To answer why the expense ratio is important? we need to understand the concept of expense ratio better.

Expense ratios mean how much the fund charges in terms of percentage annually to manage your investment portfolio. If you invest Rs. 50,000 in a fund that has an expense ratio of 2%, then it means that you need to pay Rs. 1,000  to manage your money.

But we need to also understand that in mutual funds house there are various types of expenses incurred apart from the expense ratio. They also incurred expenses like legal fees, custodian fees, audit fees, registration fees, and marketing and distribution of the products. These all these expenses are paid by Net asset value (NAVs) are reported after deductions.

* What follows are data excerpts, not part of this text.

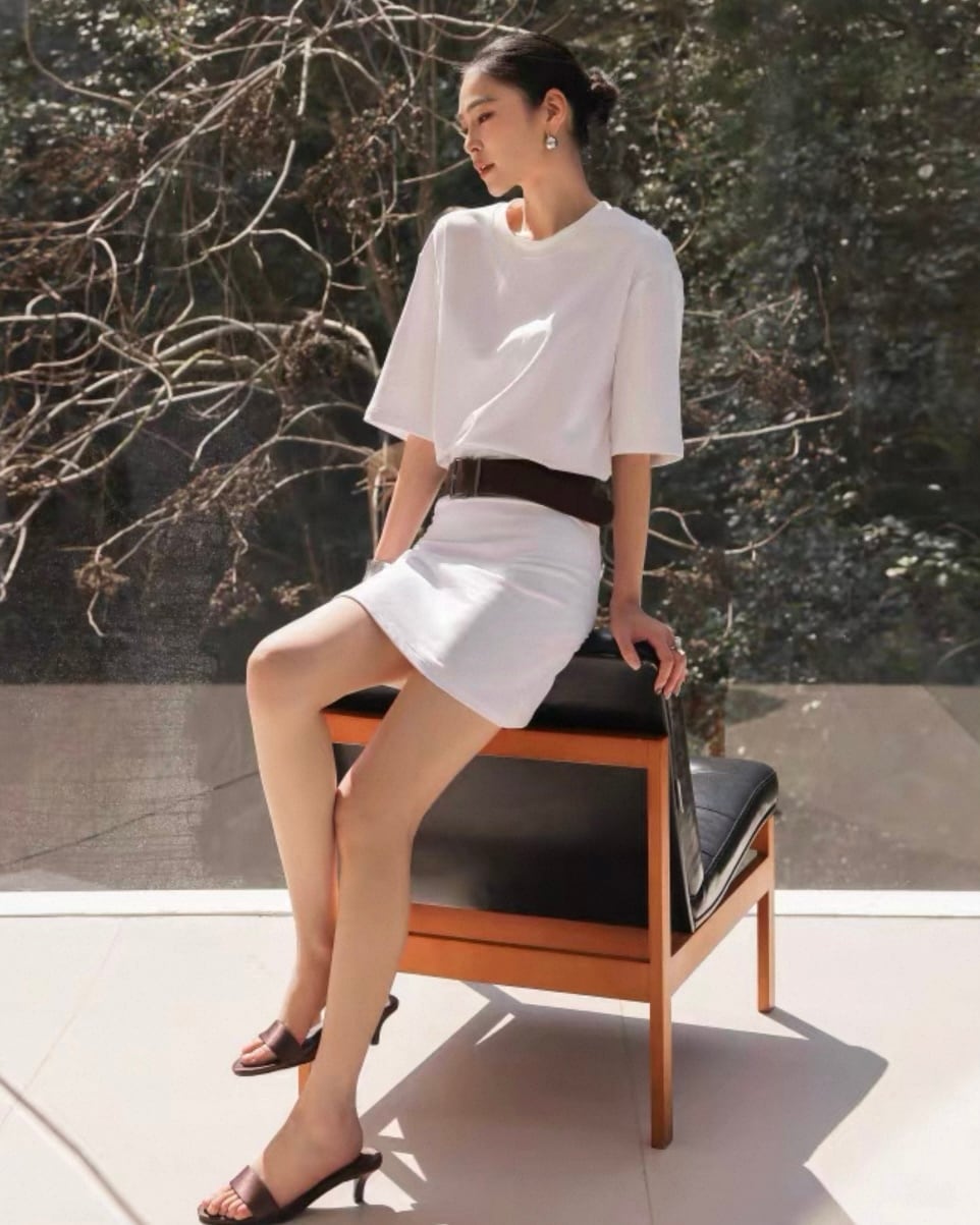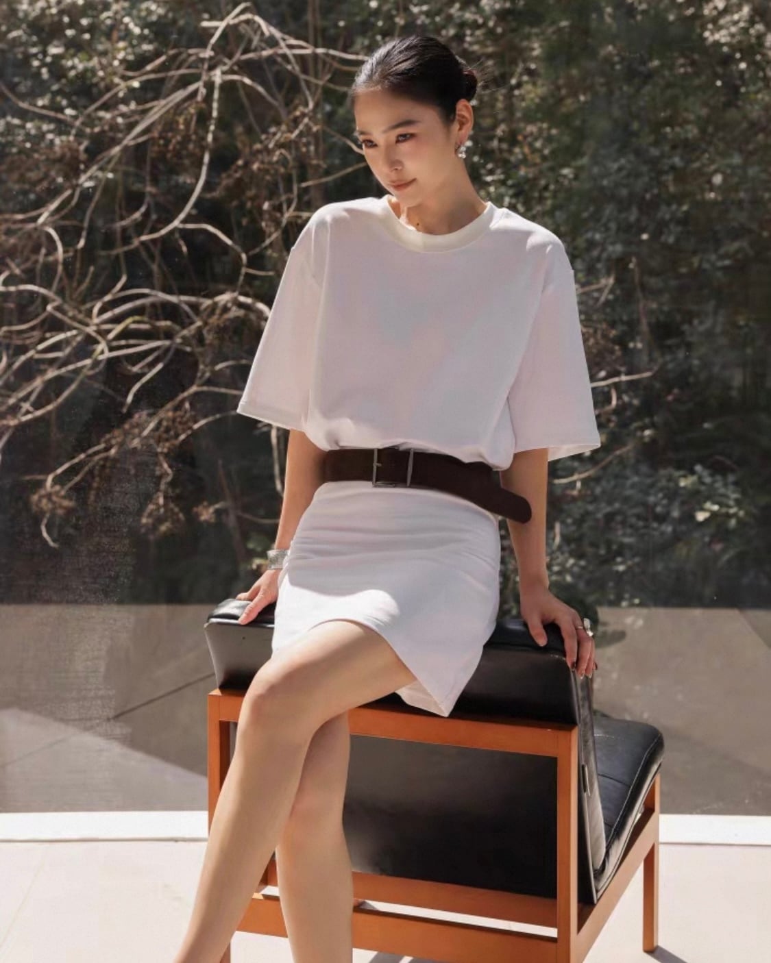 ベルトなしでもラフになりすぎず、さらっと着るだけでまとまりやすいのがポイント。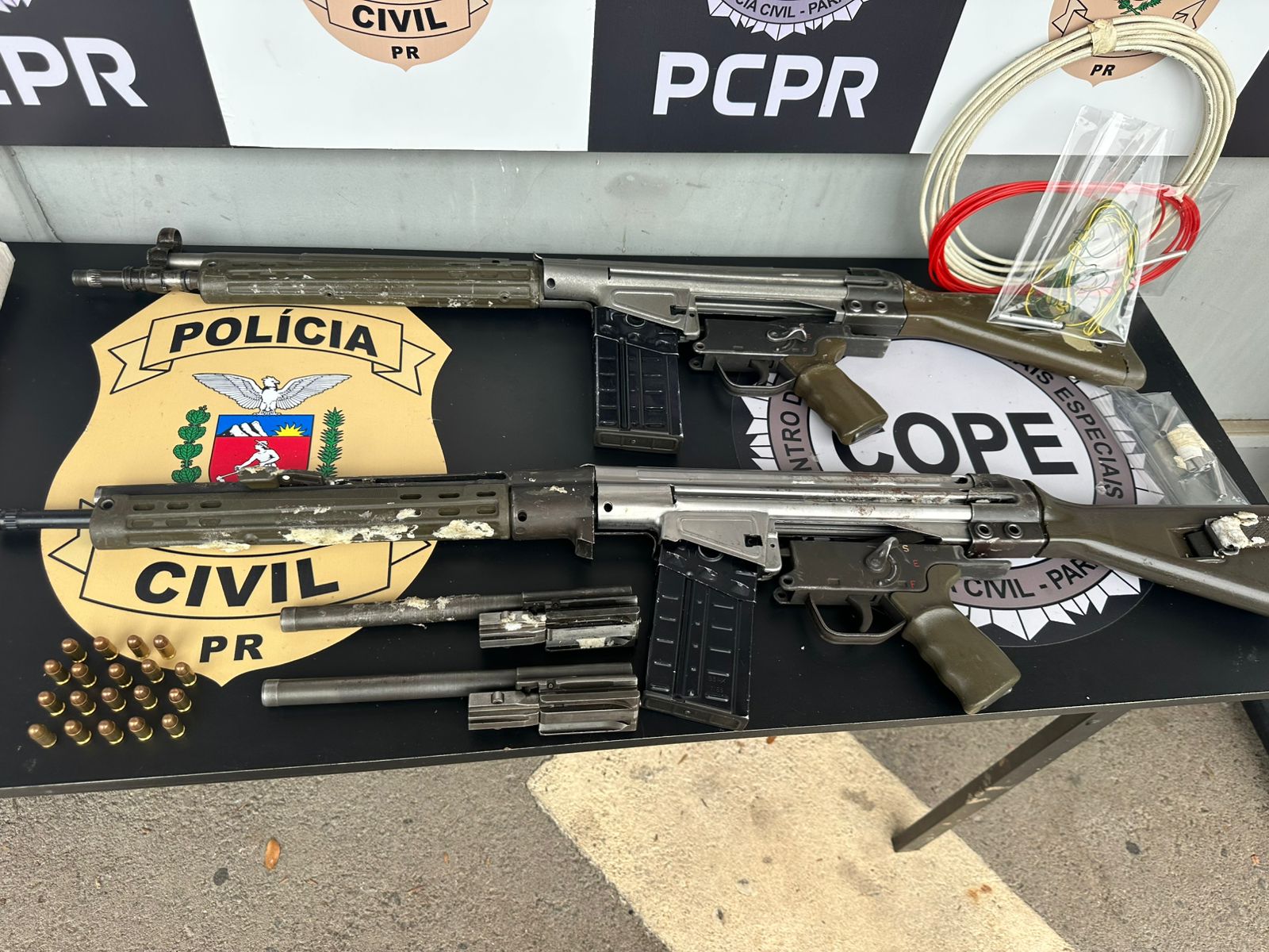 A Polícia Civil do Paraná apreendeu, neste sábado (29), cerca de 30 kg de explosivos e armamentos em uma área de mata na região dos Jardins Holandeses, em Piraquara, na Região Metropolitana de Curitiba.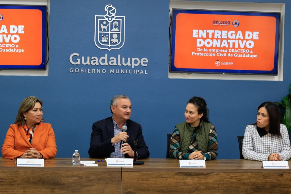 Con el objetivo de fortalecer las labores que diariamente realiza en favor de la seguridad de la población, la Dirección de Protección Civil de Guadalupe recibió un donativo económico de 200 mil pesos por parte de la empresa DeAcero, recurso que será destinado tanto a tareas operativas como administrativas de la corporación.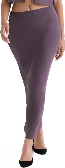 This bias-cut skirt gently grazes your ankles and features a low, hip-hugging silhouette.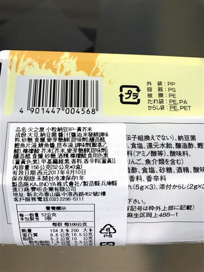 太冠公司進口「四付紅納豆」使用日本核災地區茨城縣醬油,全面下架,民眾發現羿昕公司進口的「火之屋小粒納豆」(圖/中央社)醬料也來自茨城,新光三越百貨已預防下架。
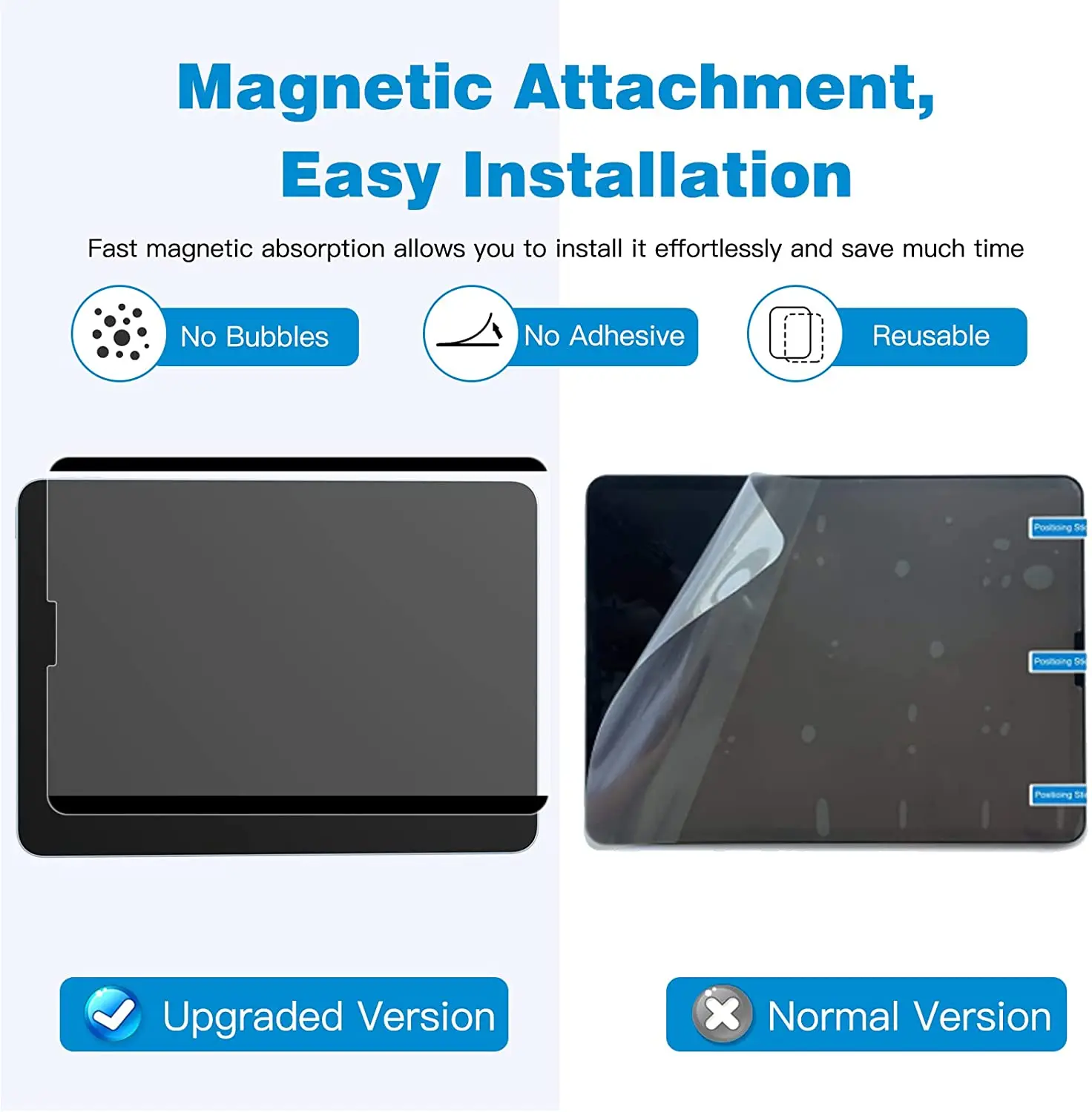 El diseño magnético hace que el protector de pantalla se fije automáticamente a la pantalla sin problemas. Fácil de quitar y volver a colocar cuando lo necesite, 100% sin burbujas y extraíble. No hay residuos al quitar la película de la pantalla. Tecnología de proceso de 6 capas utilizada y el grosor es de solo 0,03mm para mantener la pantalla de alta sensibilidad.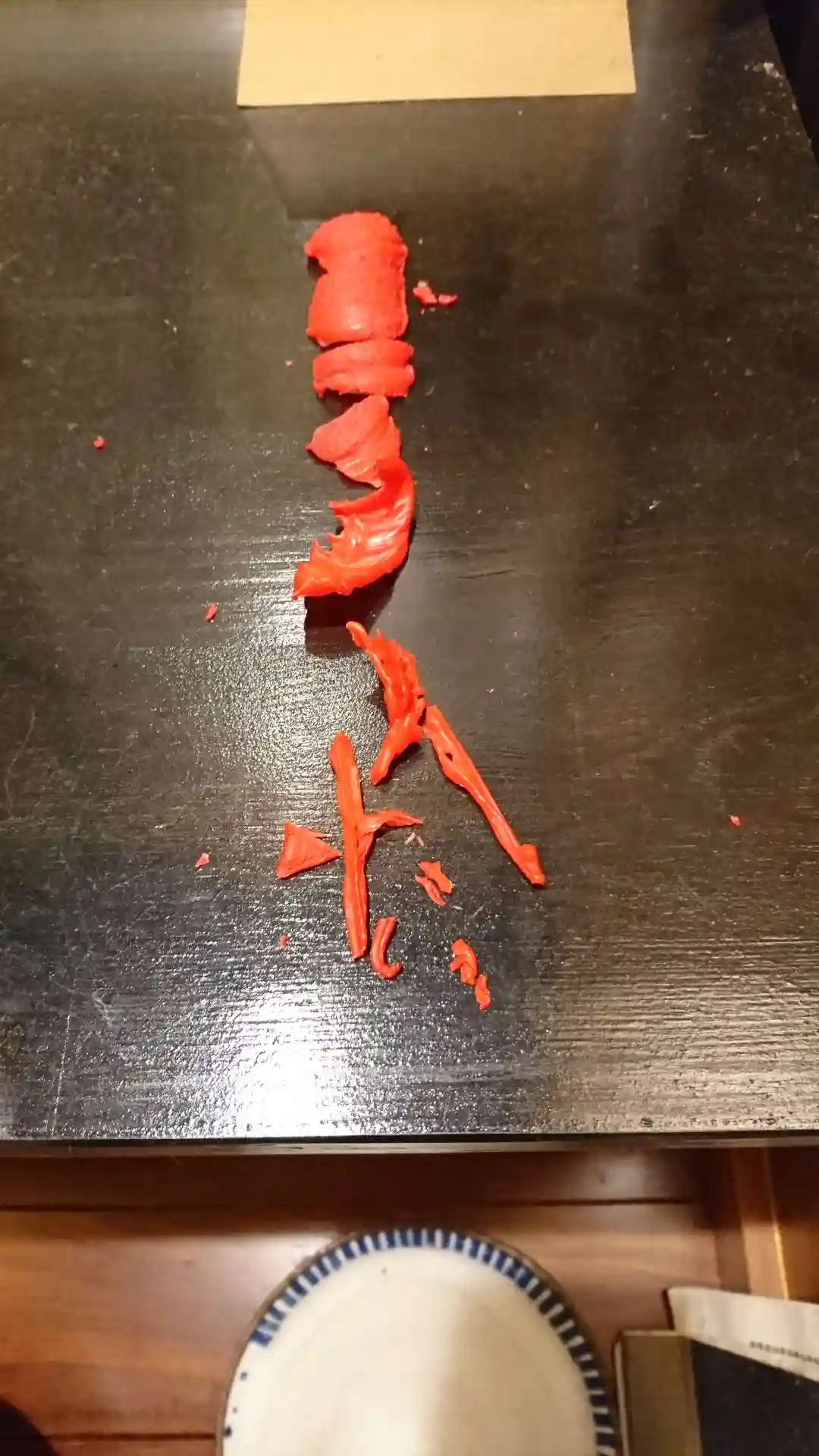 右側の赤い物は火をつけたろうそくの溶けた物です。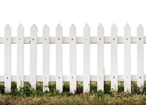 White picket fence isolated on transparent background, PNG. White wooden picket fence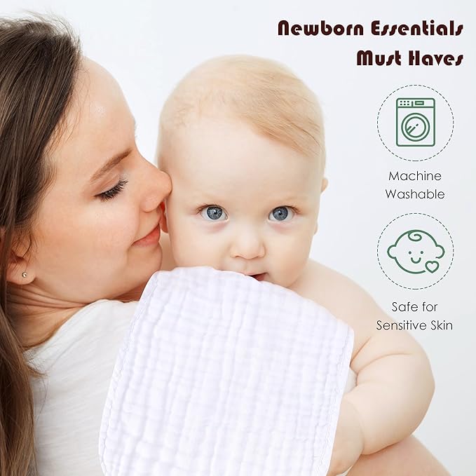 - EASY CARE & BABY MUST HAVES: Machine washable below 70°C, these cloths are easy to clean and maintain. The reinforced edges prevent unraveling, ensuring they stay in shape and get even softer with each wash. For best results, use a laundry bag to prevent cotton yarn from catching or loosening.
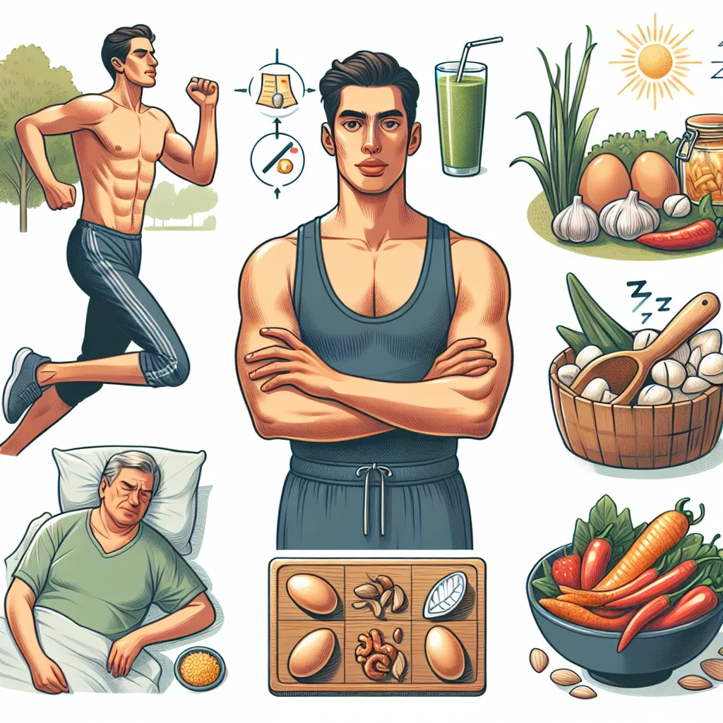 1. **Питание**: Увеличьте потребление продуктов, богатых цинком и витамином D, таких как устрицы, говядина, яйца и жирная рыба.2. **Физическая активность**: Регулярные силовые тренировки и высокоинтенсивные интервальные тренировки (HIIT) могут способствовать повышению уровня тестостерона.3. **Травы и добавки**: Используйте травы, такие как трибулус (якорицы стелющиеся) и пажитник, которые традиционно применяются для повышения уровня тестостерона.

How expense ratio varies from plan to plan?

There are different ways to invest in mutual funds like a regular plan or direct plan. The thing is in the regular plan you purchase mutual funds through an intermediary such as an advisor or distributor. And there you have to pay commission, because of that your expense ratio is higher in regular plans.

Does the expense ratio have any impact on returns?

The expense ratio tells us the amount investors have to pay for a certain amount of return. As we discussed in the above example how to invest Rs 50,000 in a fund that has 2% of the expense ratio, you need to spend Rs 1000 to manage that amount of return. Lessor the ratio means more profitability and higher the ratio means less profitability.